Again there’s little prelude. The covers are pulled away—the absence of their weight, the slip of fabric against her. Then Mrs. Trefoile lifts her skirt and parts her knees. Pliant, Patricia yields to her this time, as if to a lover; her legs fall to the sides, revealing the core of her. Mrs. Trefoile seems to look longer than before, of maybe it’s just that Patricia’s perception of time is slipping. Either way she shrinks under the scrutiny. Even doctors don’t look for so long.

Finally Mrs. Trefoile moves to touch her, fingers pressing flat against her, tracing a circle. Patricia can’t suppress a startled gasp, though she knew it was coming. The touch against her tenderest parts feels somehow more than she can bear today.

Mrs. Trefoile gives her a stern look, and then moves to enter her with one fingertip, as before.

The finger slips inside more easily—surprisingly so—and immediately Patricia knows that this is wrong, she’s done something wrong. She goes very, very still. Mrs. Trefoile’s finger makes the same circular motion as before, all the way around, but when she removes it she looks dangerous.

“Dirty,” she hisses. She points the finger she used in Patricia’s face, scolding like a schoolteacher.

The fingertip glistens, and Patricia can faintly perceive the scent of her body’s betrayal.
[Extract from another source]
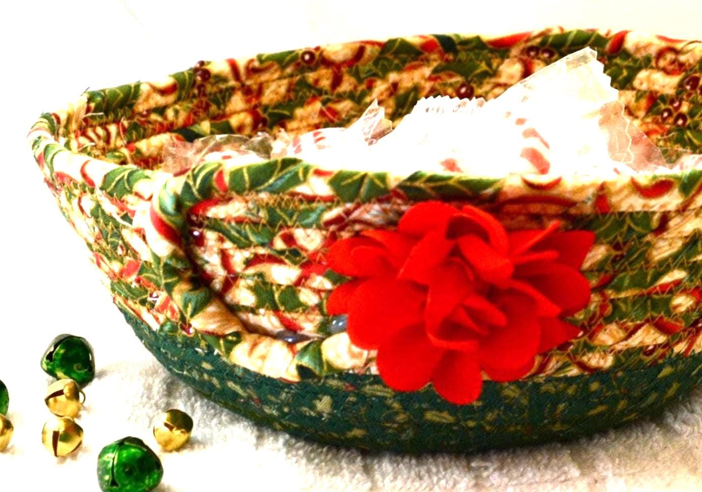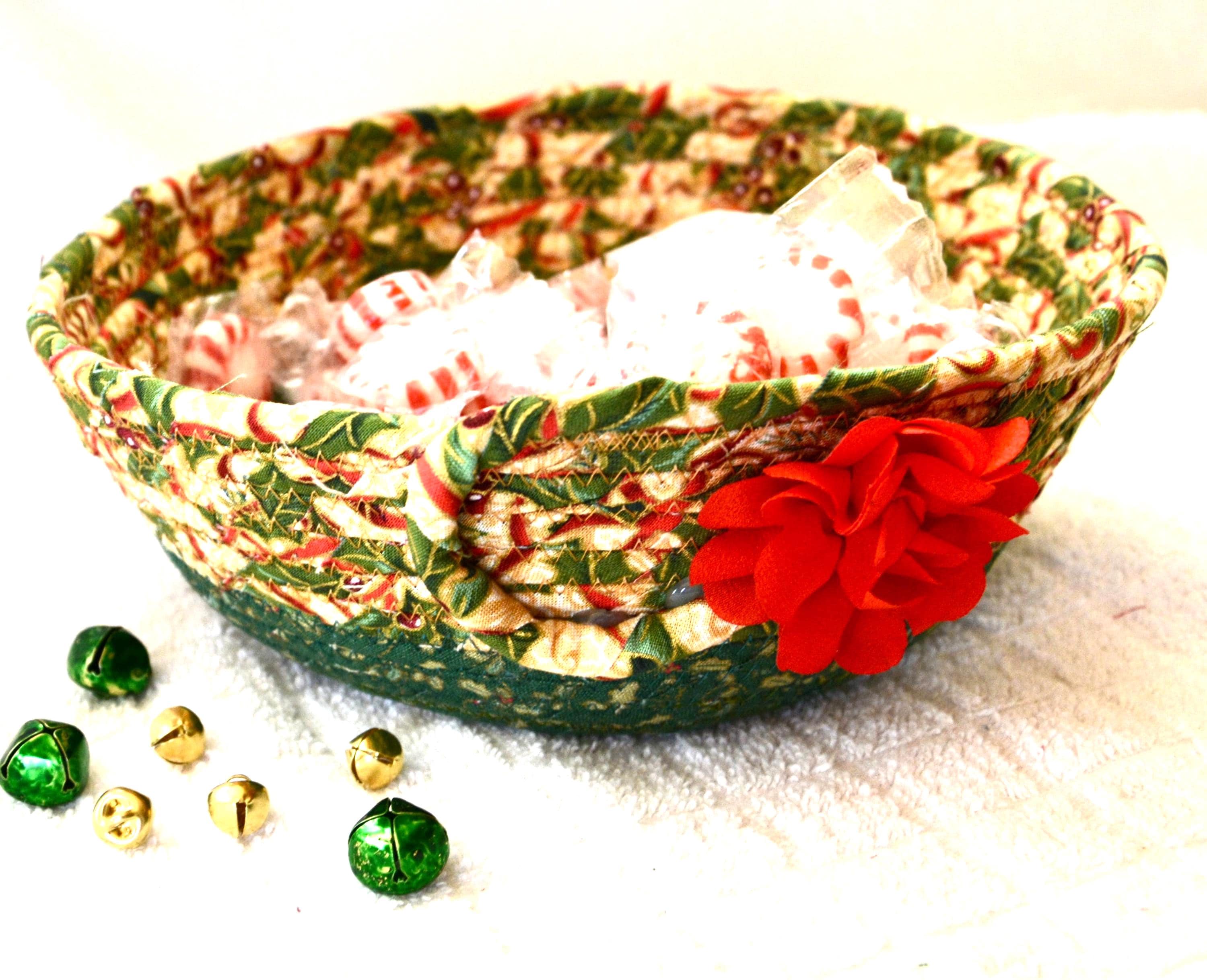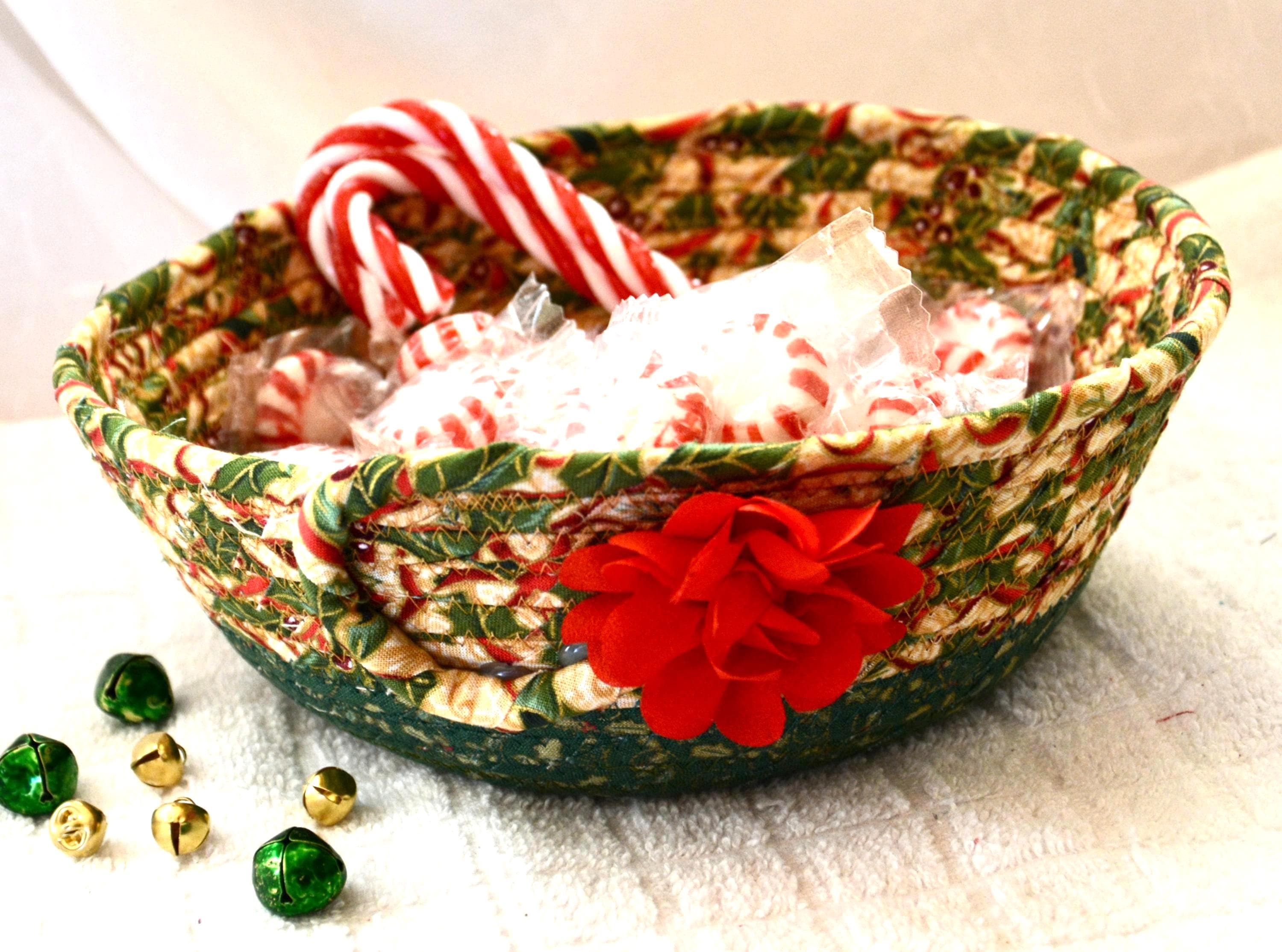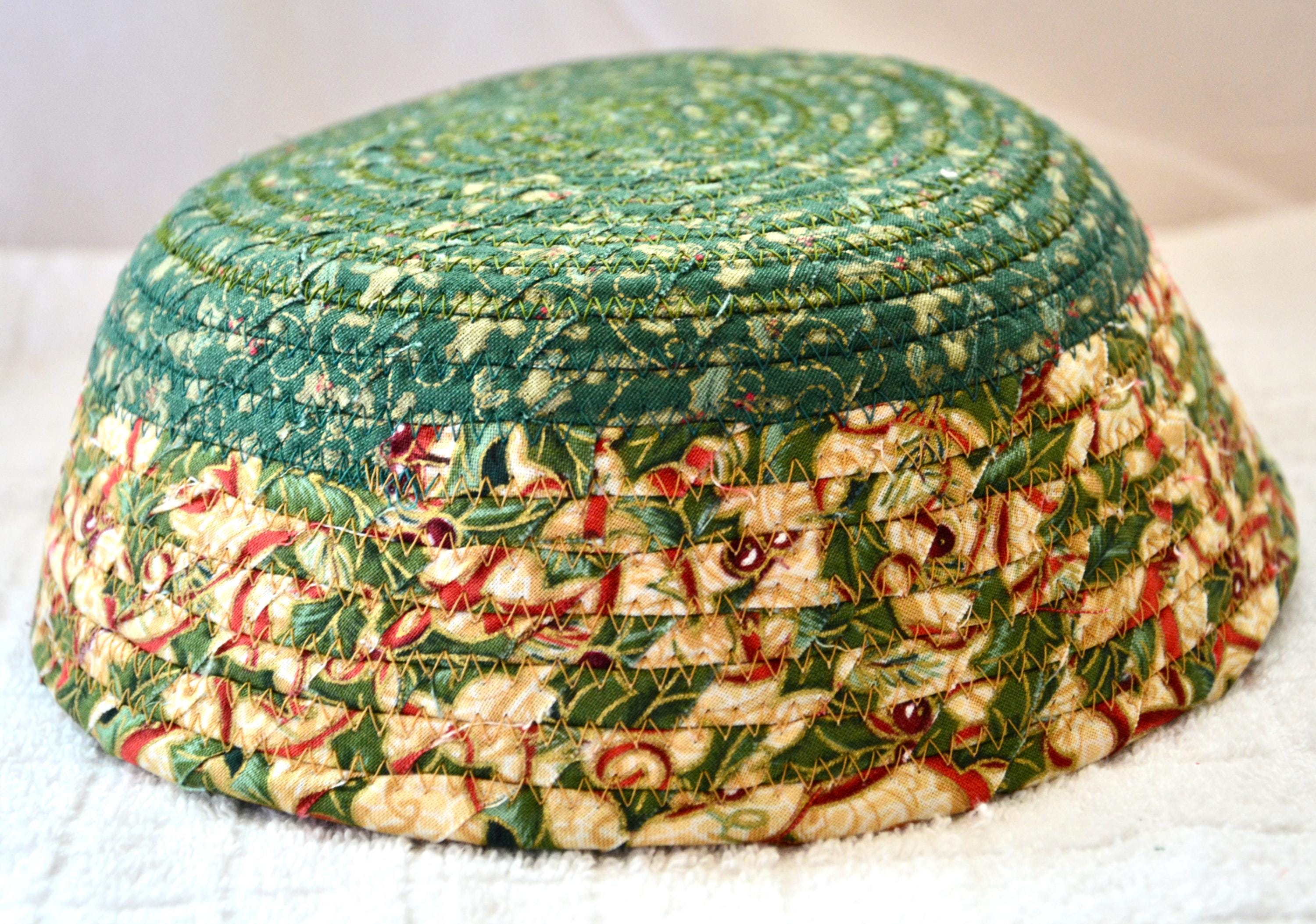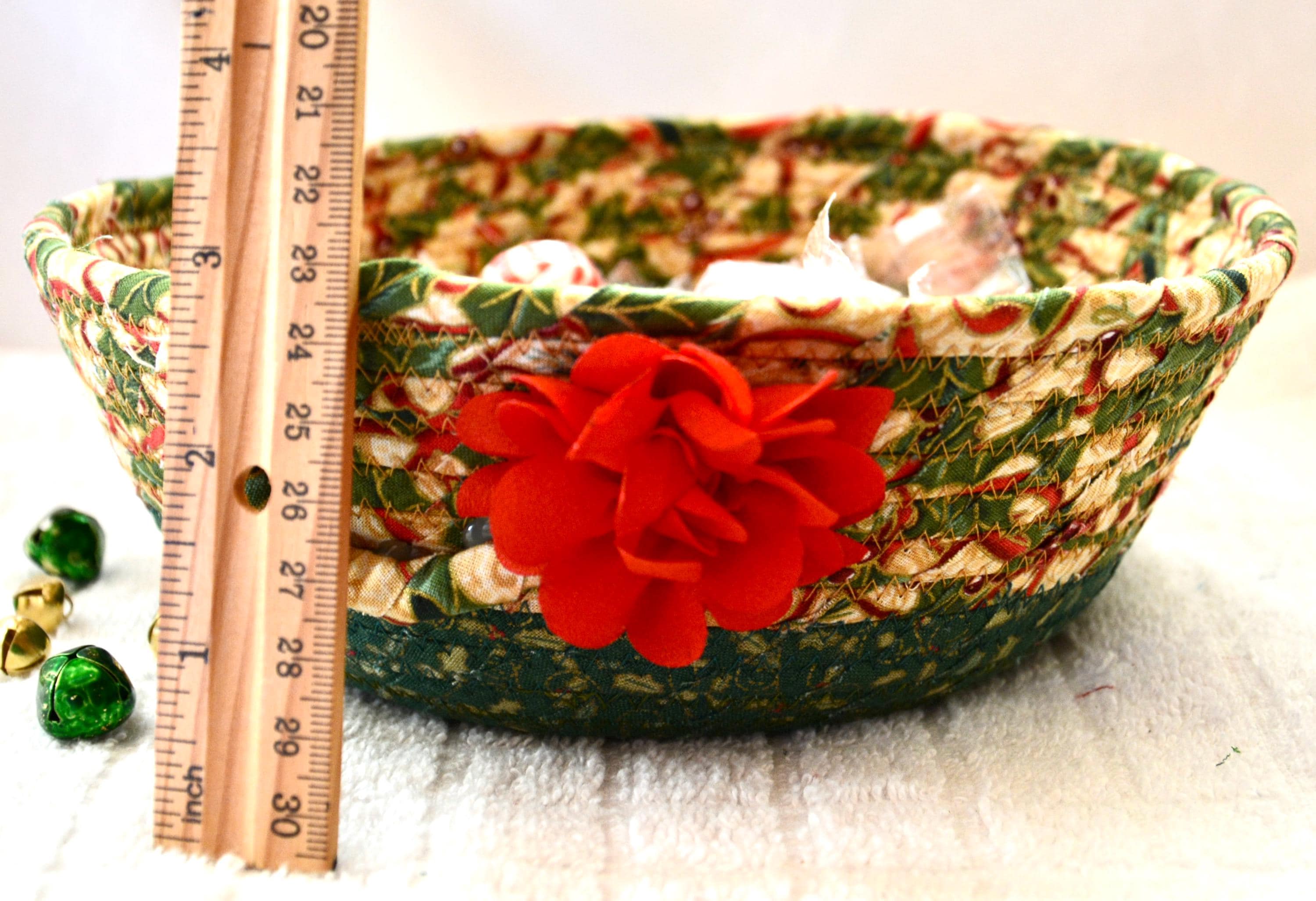 I hand wrapped these high quality 100% cotton fabrics around cotton line, which I then hand coiled and machine quilted to make it sturdy. I used the raw edge technique with some fray to add a wonderful shabby chic texture.
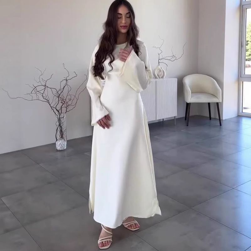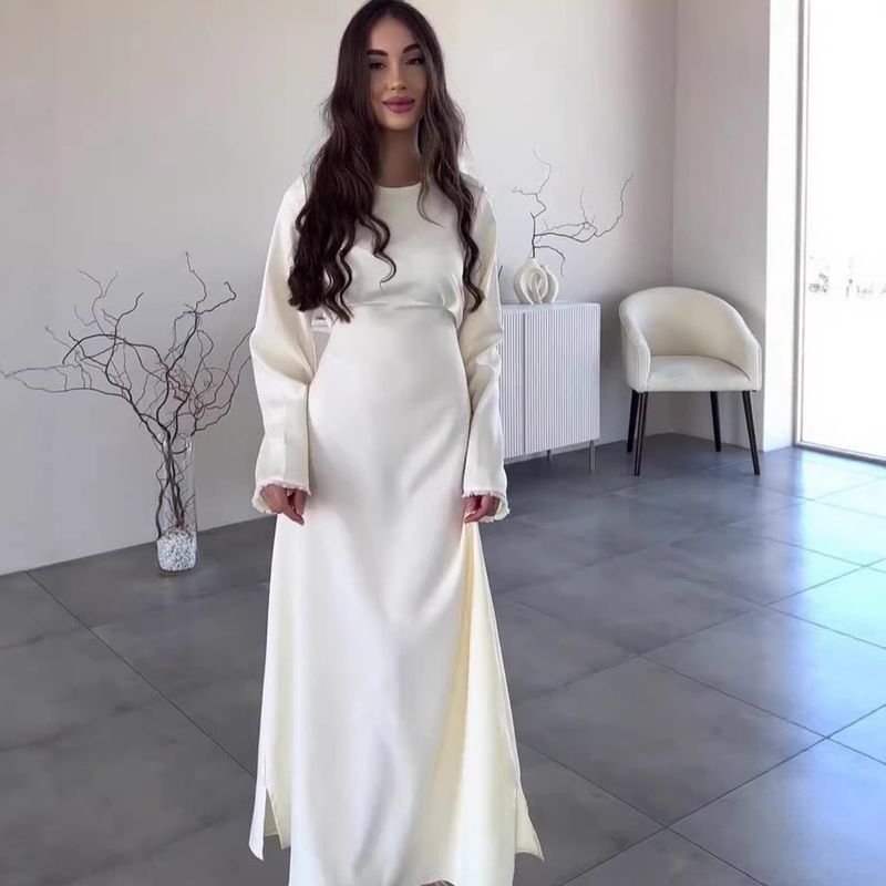 Autumn Satin Long Dresses For Women Flare Sleeve Slim Mermaid Spring French Vintage Wedding Party Prom Robe Vestidos Para Mujer

She shudders.

“You must pray for salvation,” Mrs. Trefoile says. “There is evil inside you.”

Then Anna brings her tea. Patricia allows herself the illusion of fullness that it provides, and she wonders how long a person can survive without eating. Surely longer than this, she thinks, and feels a terrible dread at the prospect of living.

It’s another day, maybe two, before Mrs. Trefoile brings her a bowl of oatmeal.

Patricia swallows eagerly from the spoon that’s offered to her, Mrs. Trefoile’s firm hand holding it steady. Something hot rushes through her; she trembles. Mrs. Trefoile scoops another spoonful from the bowl, and Patricia opens her mouth, accepting the intrusion with a wave of awful pleasure.